When it’s go time, the game’s protagonist can jump in, shooting, dodging, and ricocheting shots around a room to bring some style to the action. This movement in confined spaces is one of the utter joys of My Friend Pedro. Straight lines are all very well and good but Pedro’s fleshy compatriot is capable of far more than simply running and gunning. Launching from walls, flipping over obstacles, or dodging incoming flak allows attacking players to cut through the air, stylishly dispatching lead over flummoxed enemies. Split targeting controls allow players to take on more than one enemy at a time and helps separate the mindless grunt from the seasoned assassin. This turns the game’s masked assassin into a whirling ballet of death, dishing out backhanded shotgun shells and even fly kicking decapitated parts across the room. This fast-paced combat rarely fails to impress and never gets old, mostly thanks to a steady influx of new mechanics.
Puree Fun
Zip wires, motorbikes pursuits, and even skateboarding challenges all keep the joy of movement fresh and Navie D’s pounding electric bass and synthetic tunes drive players through the action. Tracks like Cave Crawl and Neural Scrub act like a metronome of carnage pushing players to dole out death with an arsenal of deeply satisfying weapons. Shotguns, Uzis, and pistols are included and dual wielding provides an extra element of skill to proceedings. The selection of available weapons and a limited ammo supply even adds just a tiny bit more thoughtful play to each of the encounters.
These encounters are, however, not backed up by much of a narrative and why would they be. The story behind this manic murder scene is about as flimsy as any 90s action movie and exactly what we would come to expect from a Devolver title. It is knowingly kitsch, relying on the gameplay to drag you through. That is the part of the cathartic fun of My Friend Pedro. Somehow Deadtoast has managed to embody the same beautiful violence that makes movies like the Raid or Joh Wick such an utter joy to watch and they are clearly fully aware of this. Make it all the way through the minutes that make up each level and you will find yourself staring at a scoreboard and it isn’t just about kill count. The game actively rewards stylish takedowns and long-running killstreaks. My Friend Pedro isn’t just about executing your enemies, it’s about doing it with all the flair that you can muster.
That is the reason to play My Friend Pedro in a nutshell, although bananas don’t have shells. My Friend Pedro is beautiful violence.
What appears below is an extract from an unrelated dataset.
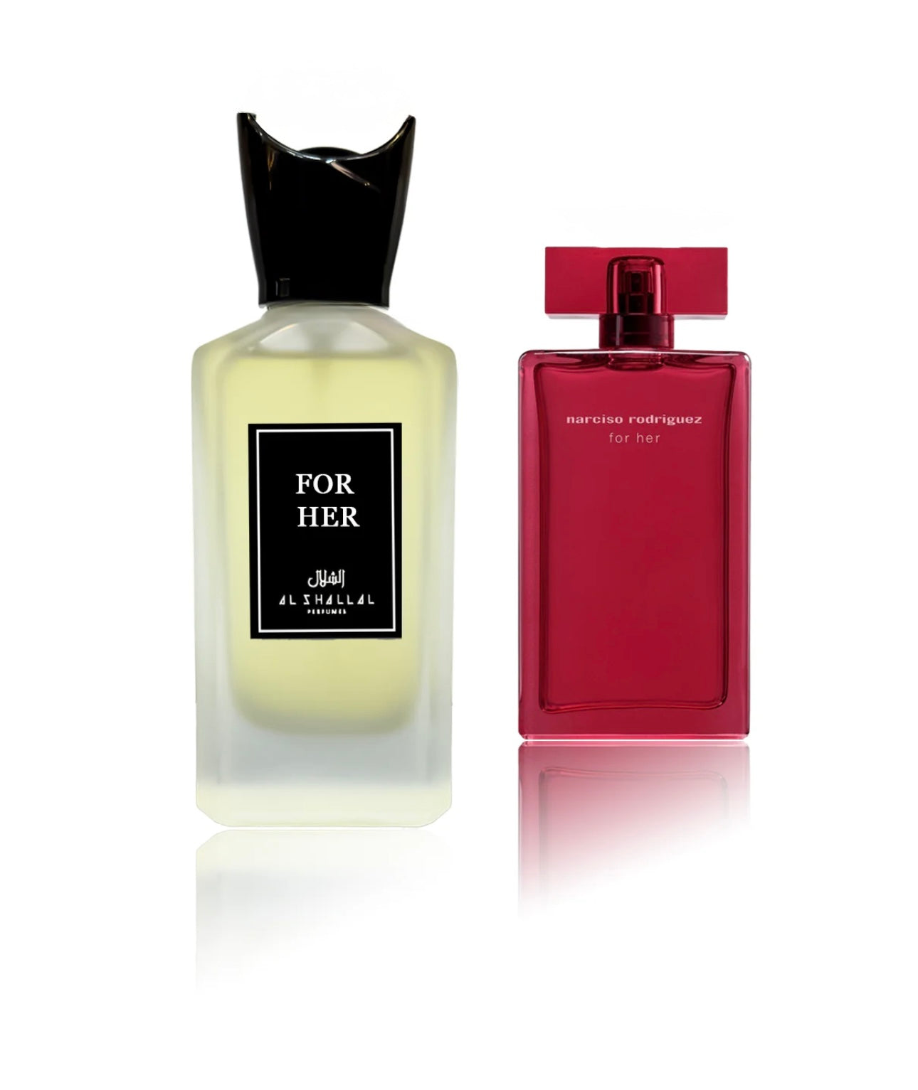 For Her is a feminine and vibrant fragrance that begins with a refreshing opening of peach and bergamot , a warm floral heart of musk and white flowers , and a rich base of vanilla and vetiver that gives it stability and an attractive, long-lasting scent.

Just like Doom, it takes a simple idea and builds an unrelenting pace. It is an unyielding and remarkable display of carnage that will keep any assassin’s finger twitching. Never before have I rolled across a skateboard ramp, performing a kickflip while talking to a banana and shooting two mobsters in the face with Uzis. Get this game, get it now!. If you are interested in taking on this assignment, My Friend Pedro is out now on PC and Nintendo Switch.